Sarah stopped. “What’s going on? Just tell me. Whatever it is, I’ll deal with it.”
Murhder reached out and brushed her cheek with his fingertips. As silence stretched between them, she got the feeling he was trying out lies to her in his head.
The truth, however, was what he eventually spoke: “We’re running out of time.”
Her first thought—her only thought—was that she couldn’t leave him. Nate. John. And logic told her that that desperation was because she had no other life to go back to anymore. It couldn’t possibly be because … she’d fallen in love with a vampire. In like, twenty-four hours.
Oh, God …
“I know,” she said sadly.
“Come here.”
When he put his arms around her, she went willingly up against his body. And the next thing she knew, they were kissing, lips melding, tongues meeting.

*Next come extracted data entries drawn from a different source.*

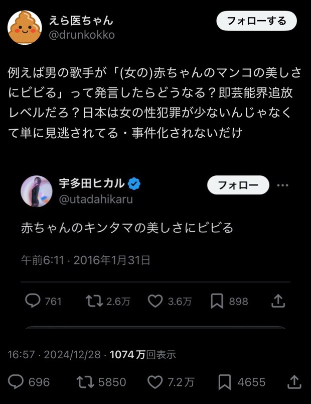 【画像】宇多田ヒカルさん、陰に掘り起こされ炎上
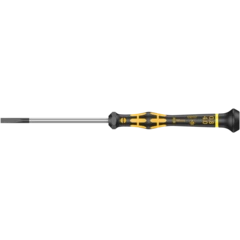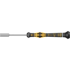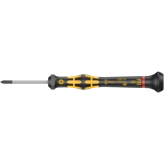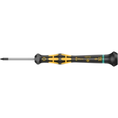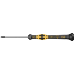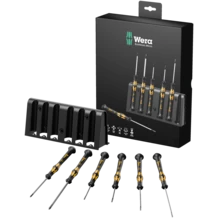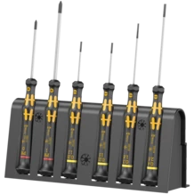 Juego de destornilladores Micro de Wera con protección anti-electroestática. Una protección segura contra energía electroestática y los daños que ésta puede conllevar. Por medio del apoyo de la mano en el sombrerete giratorio y gracias a la zona de giro rápido situada por debajo del sombrerete giratorio, se consigue un movimiento de retorcimiento ultrarrápido. Se gana tiempo al no tener que cambiar de agarre una y otra vez. La zona de potencia con las zonas blandas que lleva integradas permite la transmisión de pares altos de desapriete y apriete. Con zona de precisión para el ángulo de giro correcto en trabajos de ajuste. La punta Black Point ofrece gran exactitud de posicionamiento y una protección anticorrosiva optimizada.
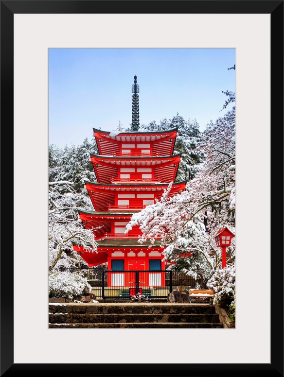 <p>Japan, Chubu, Fuji-Hakone-Izu National Park, Chureito Pagoda, Arakura Sengen Shrine during cherry blossom, sakura.</p>
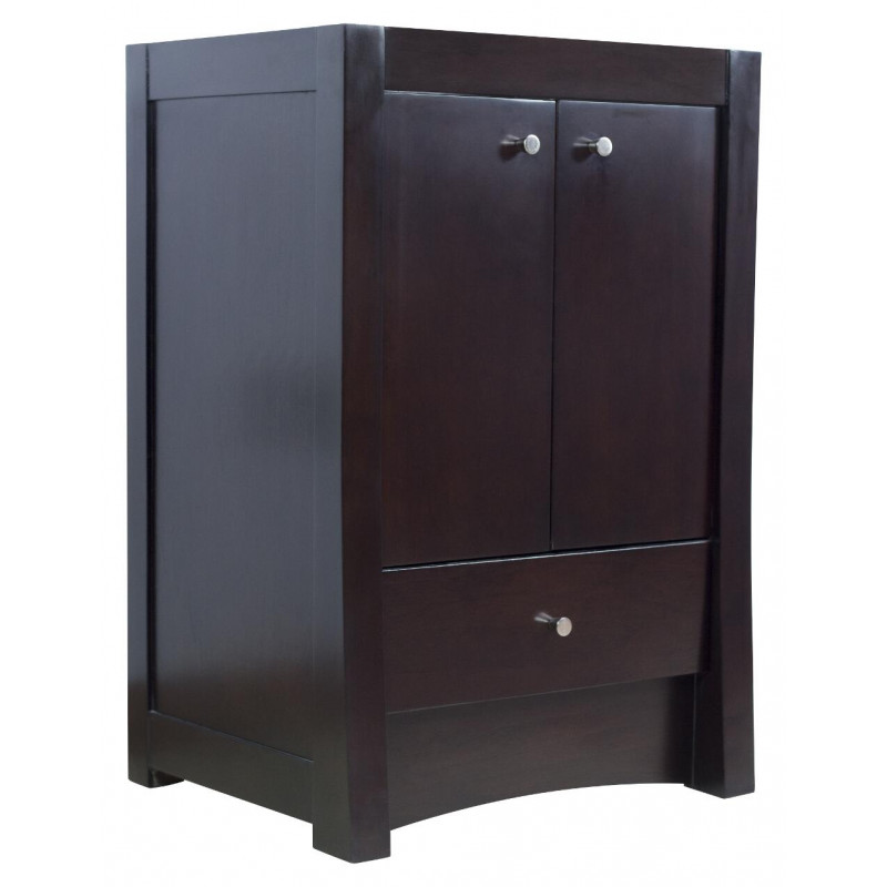 This transitional vanity set belongs to the exquisite Elite design series. It features a rectangle shape. This vanity set is designed to be installed as a floor mount vanity set. It is constructed with birch wood-veneer. This vanity set comes with a lacquer-stain finish in Distressed Antique Walnut color. It is designed for a 1 hole faucet.
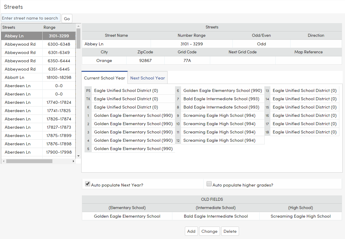 The Street table will also store the School that a student should be enrolled in according to the street location for each grade level in the current year as well as the next school year. Grades 13-18 can also be populated for the current year or the next year.
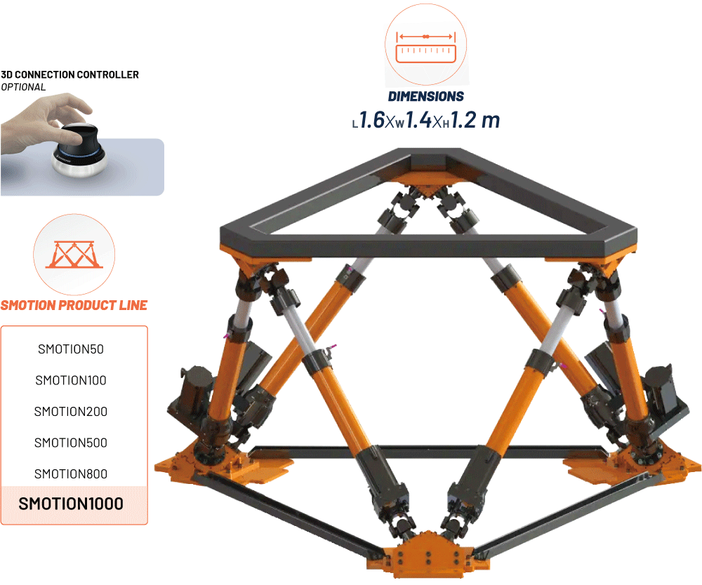SMotion1000 是一款六自由度(6DOF)運動平台,專為各種高科技應用提供精準的運動與控制。具備1,000 kg的負載能力,適用於多種產業應用。
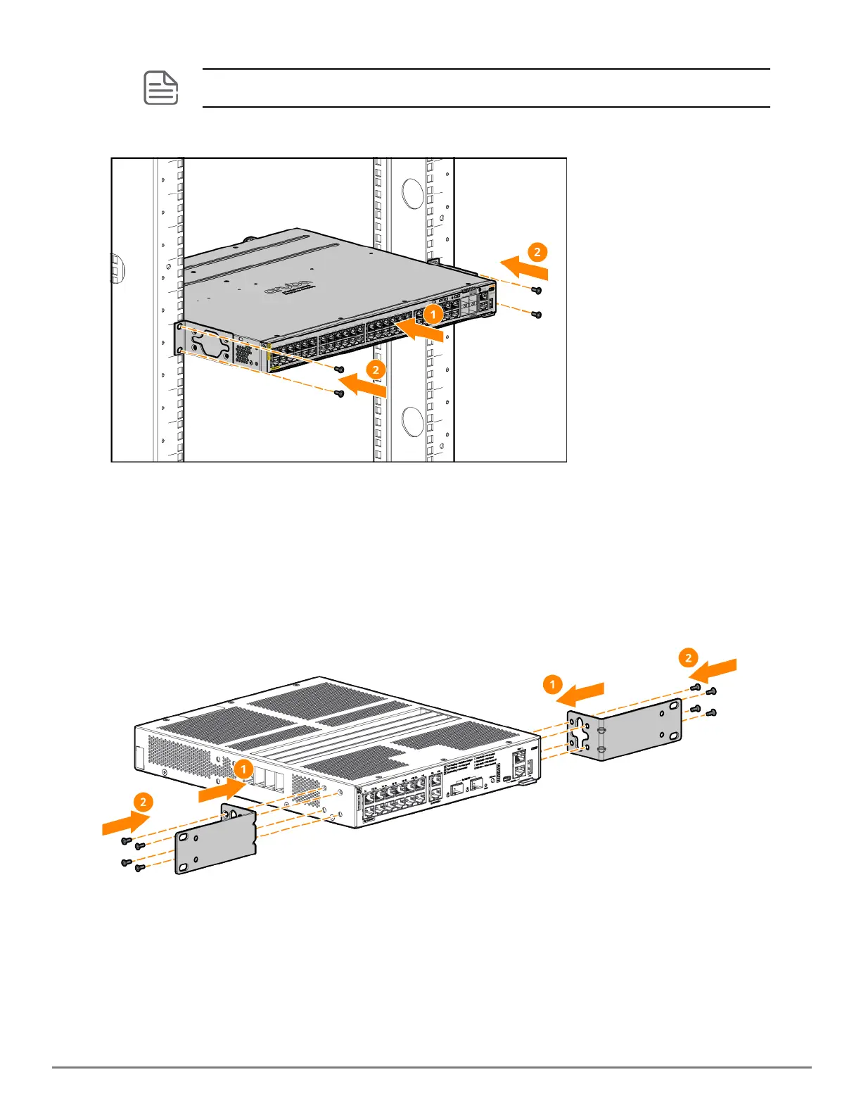 1. Attach the long rack mounting brackets to the switch with the included 10-mm M4 screws.
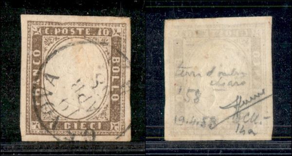 1858 - 10 cent (14a - terra d'ombra chiaro) usato a Genova - Sorani (850)
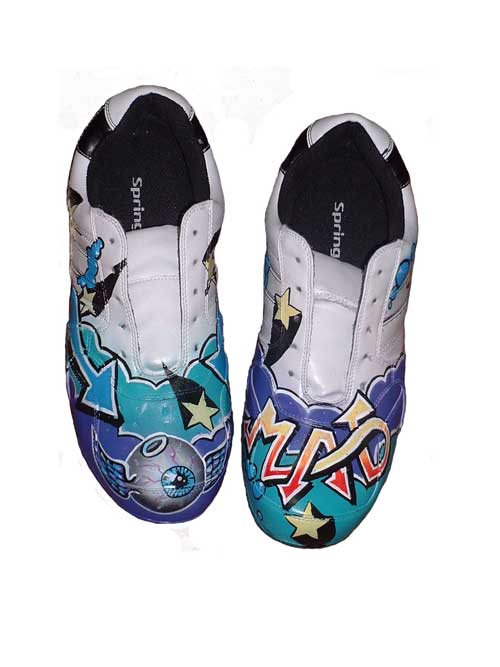 - Once the art / stencils are ready, painting this footwear can take at least one hour to a few full days depending on the final result required, HD movie quality for example.
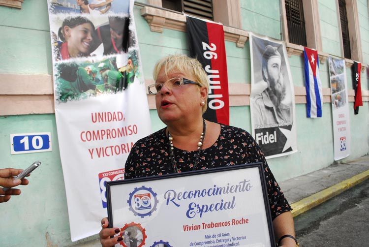 Para Vivian Trabancos Roche, condecorada con el Sello Aniversario 75 de la CTC, “nunca pensé que un combatiente del Moncada me entregara este honroso galardón, por eso para mí ha sido un momento muy especial.”
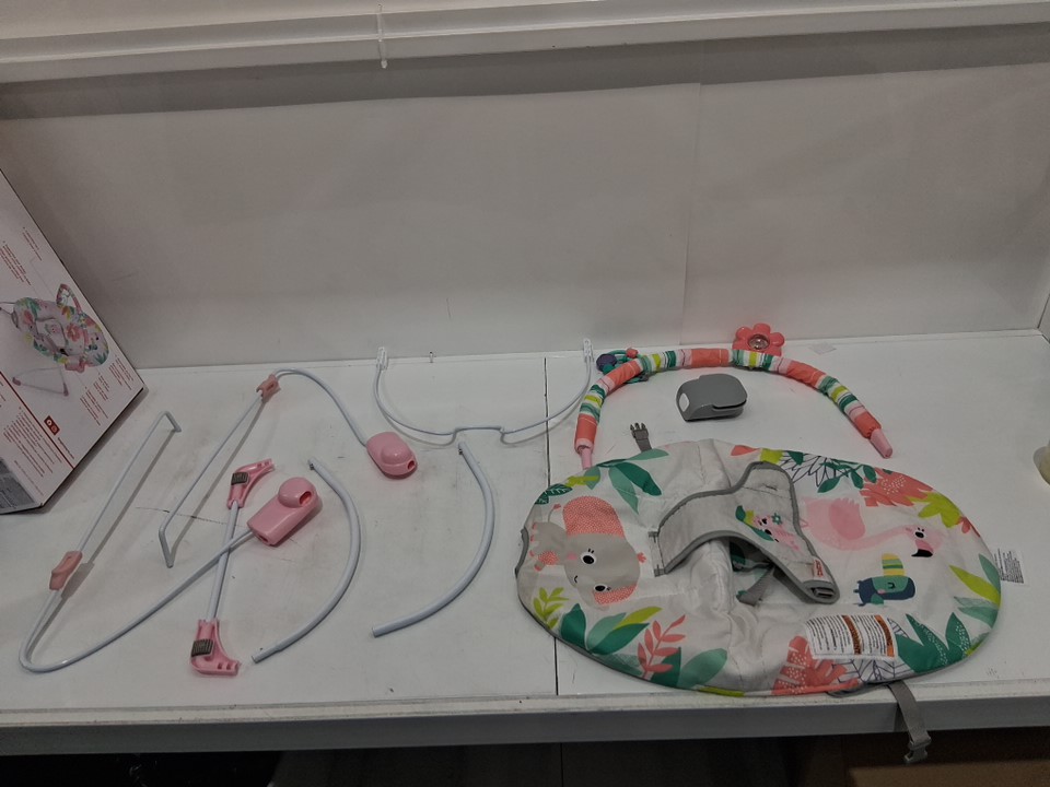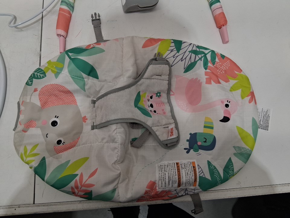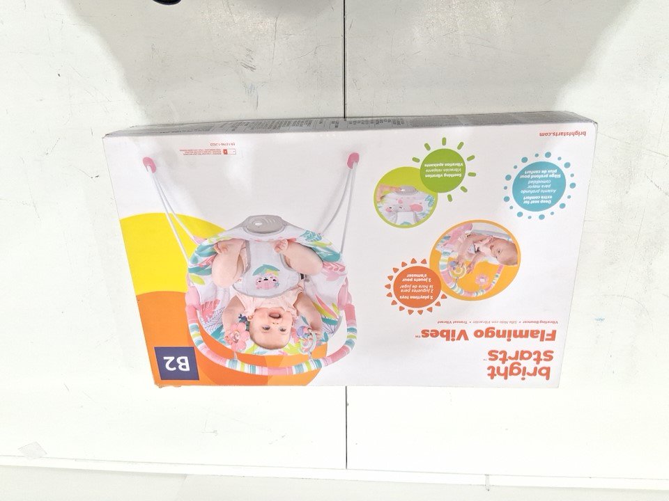 BRIGHT STARTS 3-POINT HARNESS HARNESS VIBRATING BABY BOUNCER WITH-TOY BAR - FLAMINGO VIBES - multicolour (MODEL: 12228)
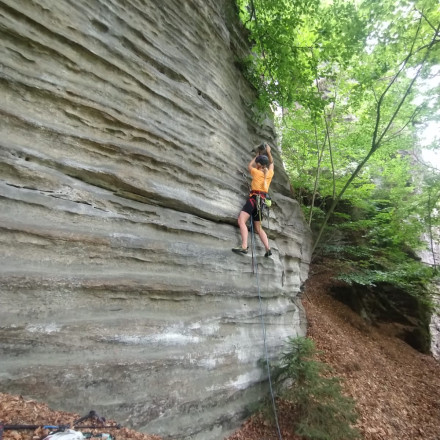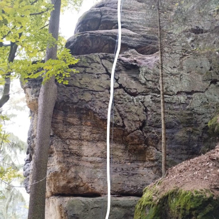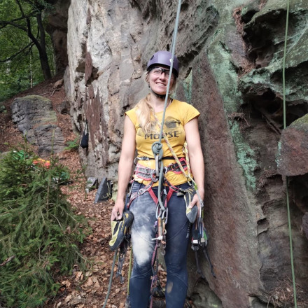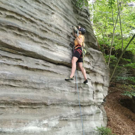 Deshalb haben sie zwei neue Kletterrouten in ihrem Heimatklettergebiet im sogenannten Elbtal auf der tschechischen Seite (in der sogenannten "Böhmischen Schweiz" in der Nahe der sächsischen Schweiz) erschlossen bzw. erstbegangen. Dies bedeutet, dass ein Stück Fels damit das allererste mal über diesen Weg geklettert wurde, wobei auch Haken gesetzt und die Kletterlinie geputzt wurde usw. Beide Routen wurden nun dem Verein und auch Hildegard gewidmet...
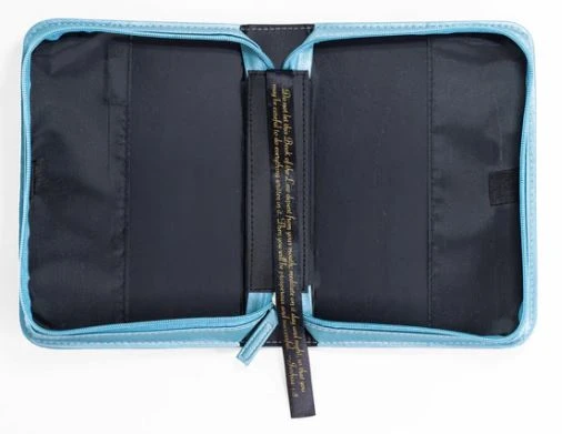 Each fashion Bible cover has a wrap-around zippered closure, spine carrying handle, and a sewn-in ribbon bookmark featuring Joshua 1:8. Scripture He
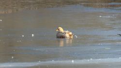 ANC-NEWS Essen- Am Donnerstagmittag (22.02.) musste die Feuerwehr Essen zu einem Tierrettungseinsatz an der Grimbergstraße in Kray ausrücken. Eine Kindergärtnerin war mit ihrer Gruppe an dem dortigen Teich vorbeigekommen, als ihr und den Kindern auffiel, dass ein Vogel auf der Eisfläche wild schnatterte und mit den Flügeln schlug. Das Tier war offensichtlich nicht in der Lage, sich von der Stelle zu bewegen. Die Kindergärtnerin hielt das Tier zunächst für eine exotische Gans. Ein Feuerwehrmann ging mit einem Überlebensanzug (an einer Leine gesichert) ins eiskalte Wasser und näherte sich vorsichtig dem hilflosen Vogel. Nachdem das Tier am Ufer war, stellte sich bei genauer Betrachtung heraus, dass es sich um eine Sachsenente handelte. Mittlerweile befindet sich der Vogel zwecks Untersuchung in der Obhut eines Tierarztes. Nach offiziellen Informationen kann die Ente voraussichtlich am Nachmittag wieder in die Freiheit entlassen werden.
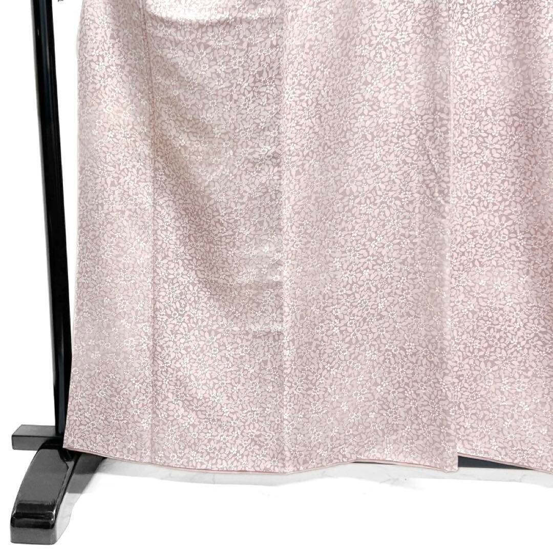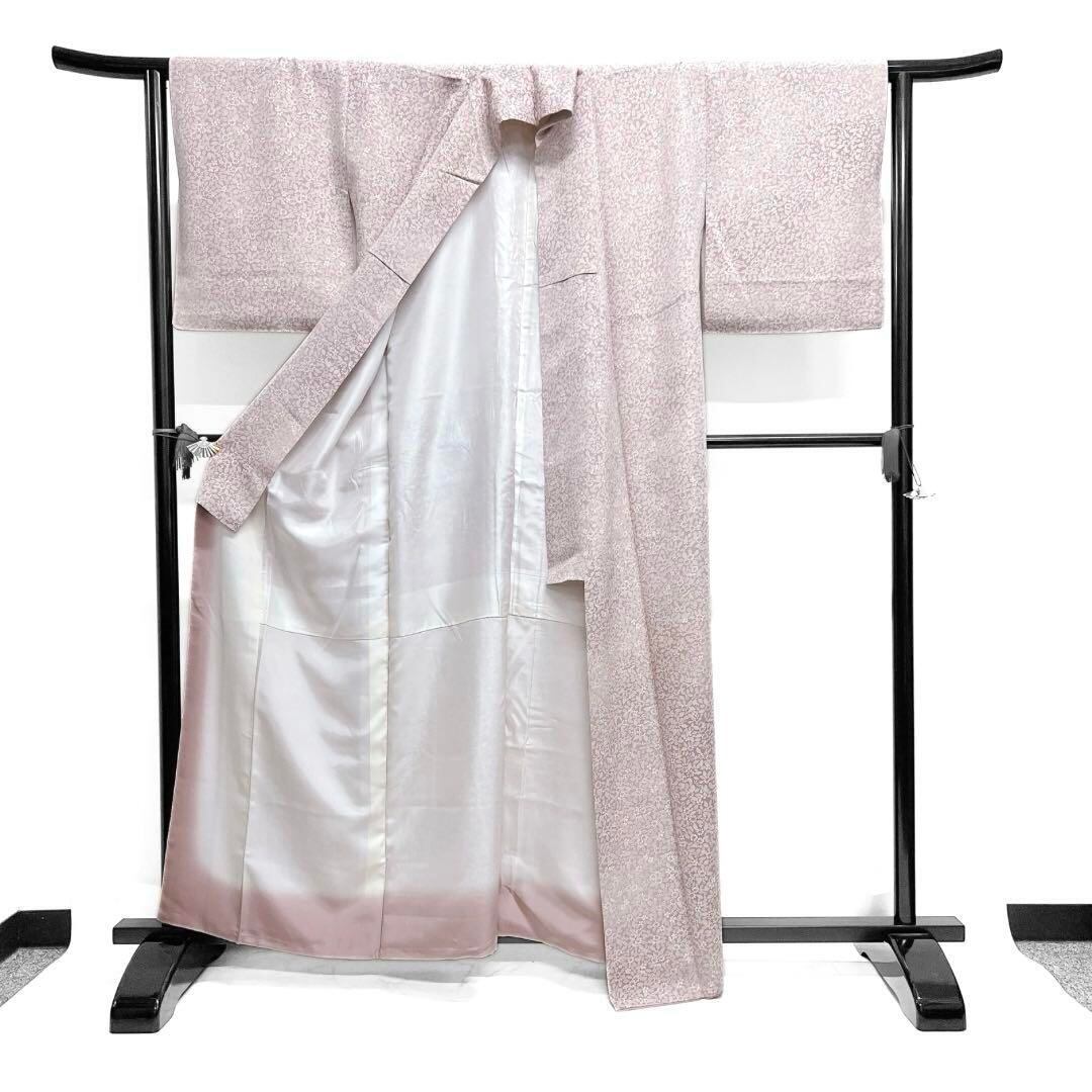 くすみの薄いパープルの地に淡く細やかに描かれたリーフに花模様がお洒落なデザインの一着です。
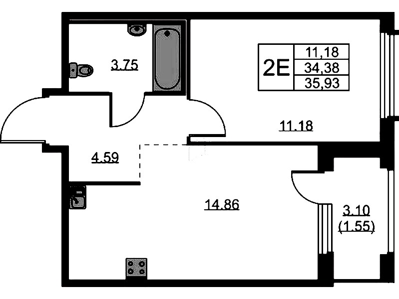 Однокомнатная квартира на 15-ом этаже 35,93 кв.м
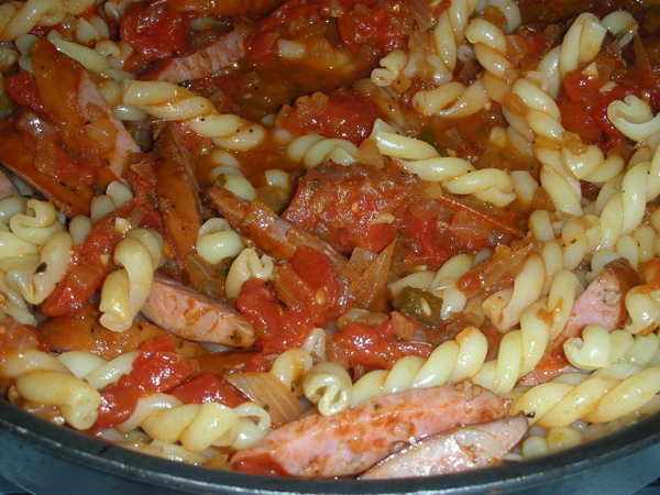 7. 把香腸,醬汁,煮好的通心粉一起放入拌勻
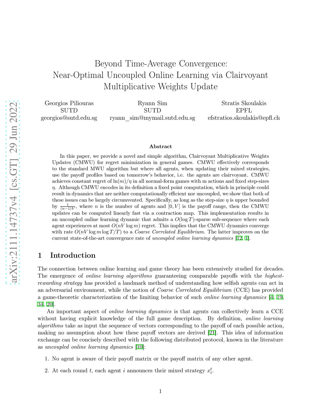 via Clairvoyant Multiplicative Weights Update
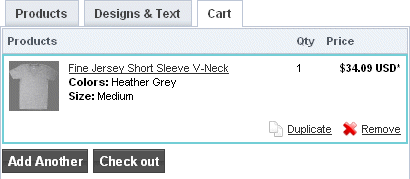 - Click Duplicate to add a copy of that product to the cart.
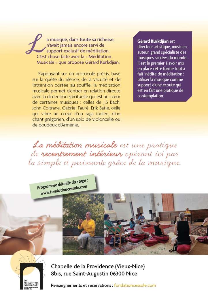S’appuyant sur un protocole précis, basé sur la quête du silence, de la vacuité et de l’attention portée au souffle, la méditation musicale permet d’entrer en relation directe avec la dimension spirituelle qui est au cœur de certaines musiques : celles de J.S Bach, John Coltrane, Gabriel Fauré, Erik Satie, celle qui vibre au cœur d’un raga indien, d’un chant grégorien, d’un solo de violoncelle ou de doudouk d’Arménie.
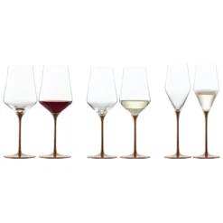 Die tollen Weinkelche der Glas-Serie FOR2DAY sind formschön und elegant zugleich. Die WeinglĂ€ser mit einem FĂŒllvolumen von 330 ml werden bevorzugt fĂŒr das Servieren von RosĂ©- und WeiĂweinen verwendet. Der Grund: in dem kleineren Weinglas kann sich der meist zarte Duft eines WeiĂweines oder eines RosĂ©s besser entfalten. Die flĂŒchtigen Aromen werden in der bauchigen Form leichter wahrgenommen. WeiĂwein und RosĂ© schmecken gekĂŒhlt am besten, weshalb man die Kelche stets nur am Stiel anfassen sollte.

When they were both breathing hard, he took her hand and drew her over to a door. She had no idea where they were going and didn’t care. Whatever was on the far side was dark, and that meant they could steal some private moments.
Really dark, that was.
As they were shut in together, she could see absolutely nothing, the room they had entered pitch black and then some—and oddly, she was reminded of what it was like to skinny-dip at night, your body floating in a void.
At least she didn’t have to worry about sharks in this case. In fact, she wasn’t worried about anything attacking them. Murhder would take care of it—and defend her.
His hands were rough as he peeled off the top half of the scrubs she’d borrowed after she’d taken a quick shower during the day … his nimble fingers shedding the baggy layers, finding her skin. The fact that she was blind in the darkness meant every stroke of his was magnified, and when he captured her breast in his palm, she gasped against his mouth.
She was sloppy with the buttons of his fine silk shirt, impatient, fumbling. When he helped by yanking the thing off, a tear sounded out. And then they were kissing again, the bottoms to the scrubs disappearing, his slacks getting unbuttoned at the waist and falling down to his shoes.
Murhder picked her up and she straddled his hips, his strong arms holding her off the floor. His penetration was a firebrand, nothing slow and gentle this time, his arousal entering her on a one-stroke that went so deep, she nearly orgasmed then and there. Desperate to find a good rhythm, he shuffled them over to a wall, the hard, cool surface hitting her bare back as he braced her against it. Then he pumped into her, his body working hard, churning, dominating.
She held on for dear life.
And only wanted more.
Linking her arms around the back of his neck, she put her face in his long hair. He’d shampooed it, and it was still damp underneath, and she breathed in the scent of—no, that wasn’t shampoo. That was him.